Аристотель принимает все это к сведению и относит случай к обстоятельствам, естественным образом способствующим человеческой деятельности. Другая трудность для науки – это то, что случай оказывается чем-то неуловимым для познания и не поддается обобщению. В конечном счете, констатирует Дионисий Галикарнасский, никто из философов или риторов не сказал ничего полезного относительно кайроса. Против случая рассуждение бессильно, как бессильна и решимость; ум признает здесь свою ограниченность. Так исходя из иррациональности случая было сделано заключение об иррациональности успеха. Пути эффективности запутались. Иной человек преуспевает, признает Аристотель, не только без всякого размышления, но и вопреки всем выводам науки и разума. Макиавелли остается лишь повторить слова Аристотеля: порождая иррациональные отношения, непостижимость людей и обстоятельств может, однако, дать блестящие результаты там, где разум приходит в отчаяние и расчетливый человек проигрывает.

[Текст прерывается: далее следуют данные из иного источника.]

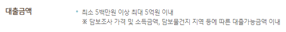 국민은행 아파트담보대출의 한도는 최소 500만원 이상 최대 5억원 이내로 책정됩니다.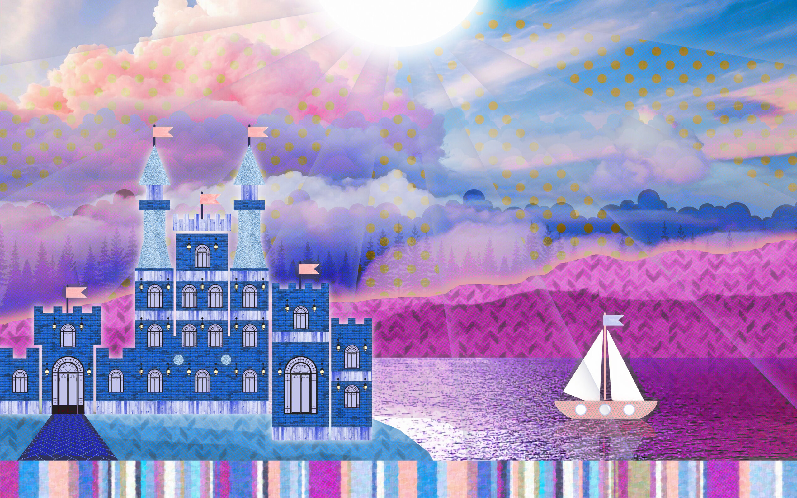 A whimsical imagined landscape where color, architecture, and light float free of gravity.

Чтобы объяснить такое множество иррациональных моментов и избавиться от них, Запад был вынужден придумать свою мифологию Случая и персонифицировать его. Лисипп (современник Аристотеля) воплотил его в скульптуре, а Посейдипп восславил: Кайрос – покоритель всего и всех, передвигаюшийся «на цыпочках» (или «летающий повсюду») с бритвой в руке; прядь волос падает ему на лоб (чтобы за нее можно было ухватиться, встретив его лицом к лицу), но сзади у него лысина (если гнаться за ним, то ухватиться не за что). У Макиавелли Случайность тоже принимает образ богини, пребывающей в вечном движении, «с одной ногою на колесе». Все как бы предупреждают нас о том, что Случай можно «ухватить» только на лету, «за волосы», – не размышляя, не выбирая, а как бы похищая его. И все-таки мне кажется, что не следует ограничиваться только таким пониманием этого образа. Есть что-то другое в этой теме: в доказательство можно привести то удовольствие, с каким европейские авторы выстраивали всяческие аллегории по ее поводу. Если случай – это вызов разуму, остается оценить смысл, который открывается за ним, напряжение, которое создается им. Ибо к статусу иррациональности не сводится образ случая – и это со всей очевидностью проявилось в Китае. Здесь появляются новые источники Случая, возникает другая аргументация.